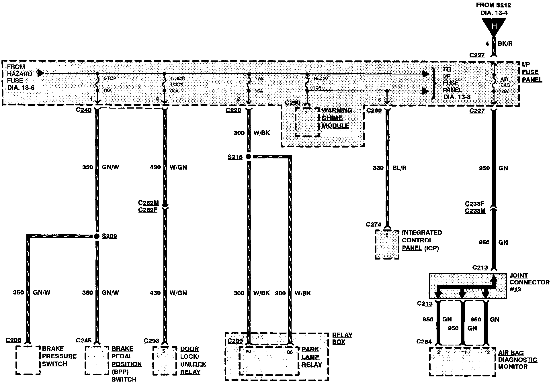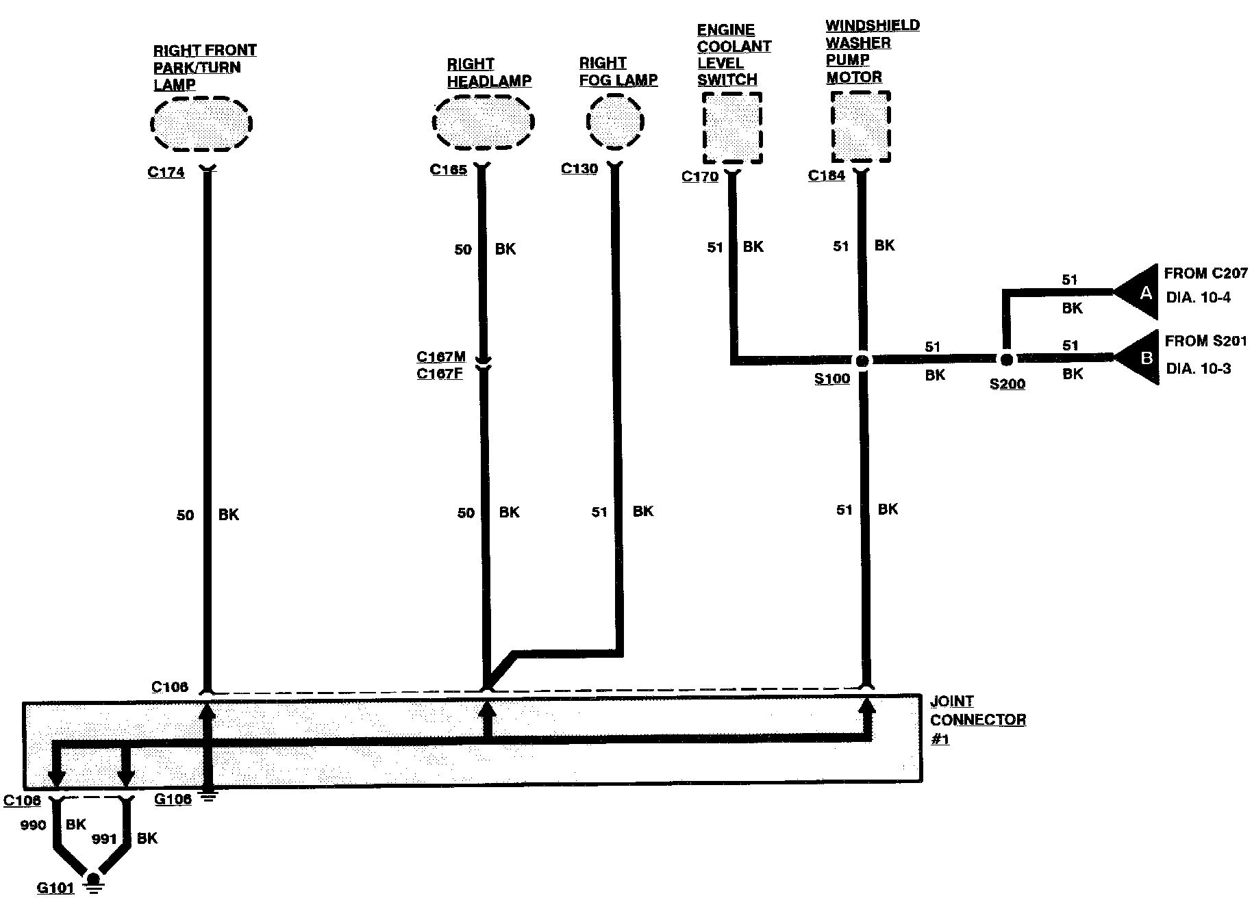 Components that work together are shown together in a system/subsystem diagram or set of diagrams. The system feed (circuit breaker, fuse, etc.) is shown at the top of a diagram page. All wires, connectors, components, and splices are shown in the same manner that the current flows, ending at the ground at the bottom of a diagram page. Circuits that go from one diagram page to another will be marked with large arrow heads indicating which diagram page the circuit went to/came from.
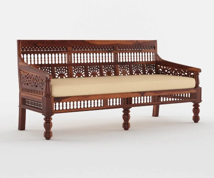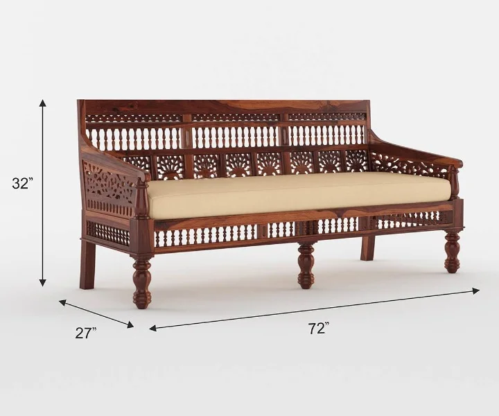 The sturdy and durable construction ensures long-term use, while the comfortable cushions provide ultimate relaxation and comfort. The wooden frame has intricately carved details, showcasing the finest craftsmanship of Gadwal Furniture.
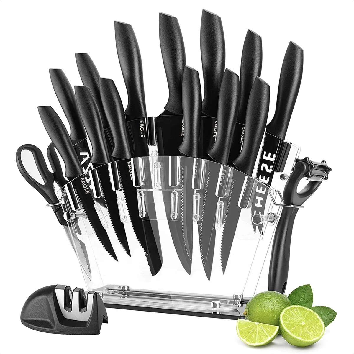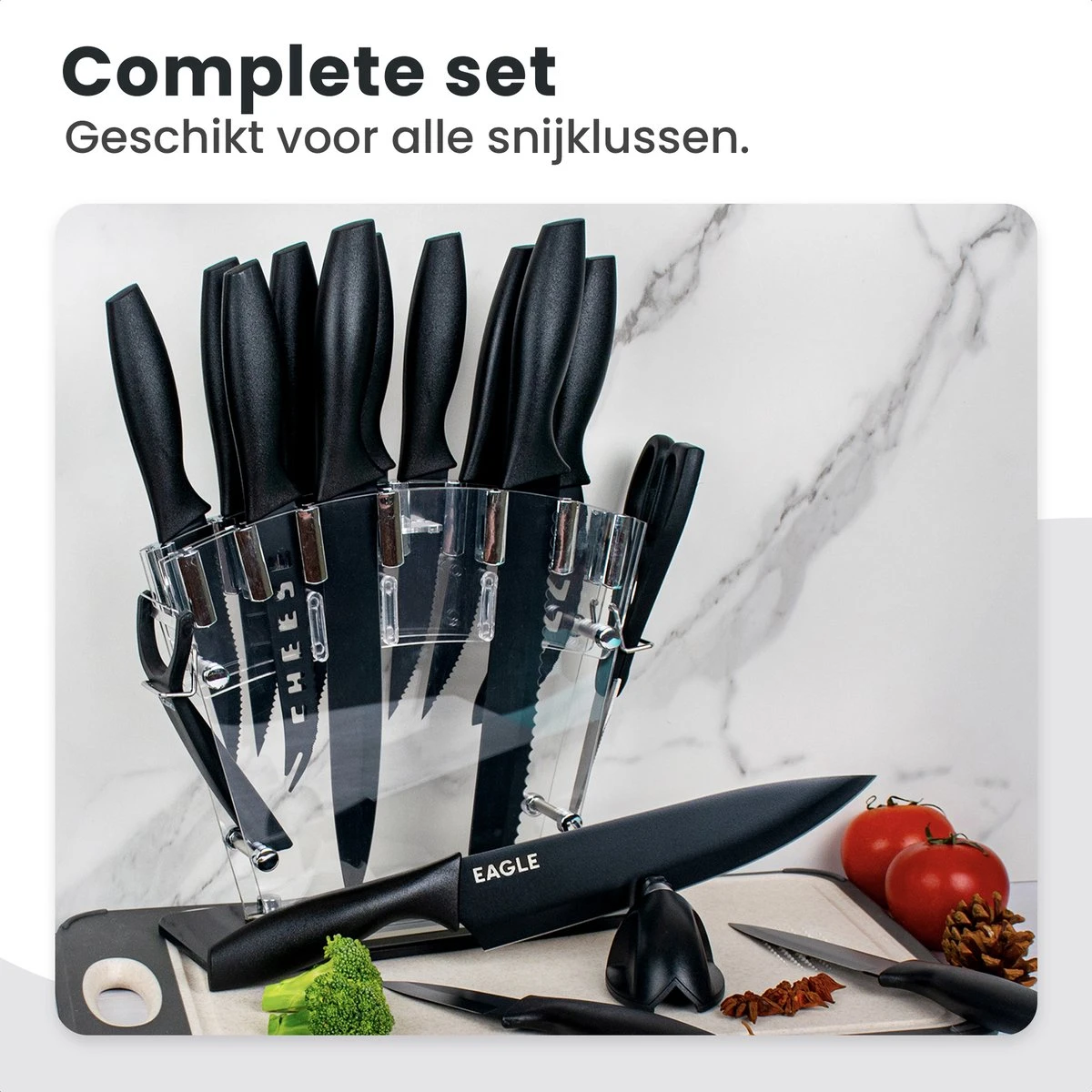 Voor ieder product en gerecht altijd het juiste mes bij de hand met de EAGLE messenset. Deze set beschikt over 13 messen van groot tot klein, een handige messenslijper, keukenschaar en dunschiller. De messen zijn krasvrij, roestvast en beschikken over een anti-kleeflaag. Zo kun je jaren mee met de complete en kwalitatieve messenset van EAGLE.
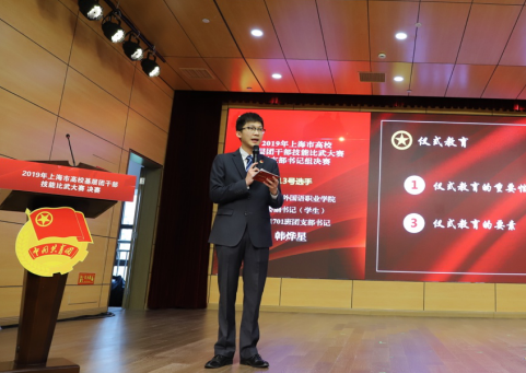 此次比赛共分为院系团干部组和团支部书记组两个组别。其中,团支部书记组由来自全市55所高校,共126名团支部书记参赛。我校韩烨星同学是此次入围决赛的唯一一名高职团支部书记。他曾带领所在团支部获2018年度“上海市五四红旗团支部”称号,团支部工作案例入选由上海市教委所征集的《上海大学生学习习近平新时代中国特色社会主义思想和党的十九大精神典型案例集》。
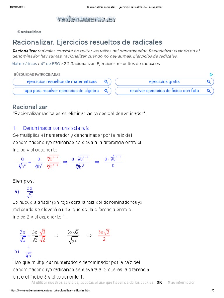 Ejercicios De Racionalizacion De Denominadores
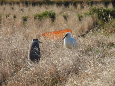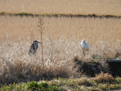 | クロツラヘラサギとアオサギ 何を話しているのかな |

● ● ● ● ●

[WORK TO BE COMPLETED] Before duplicating, set the pictures aside; then output exactly the lines from the one with "Ejercicios De Racionalizacion" through the end of the records, and only those.

[OUTPUT OF THE TASK]
 Ejercicios De Racionalizacion De Denominadores
 | クロツラヘラサギとアオサギ 何を話しているのかな |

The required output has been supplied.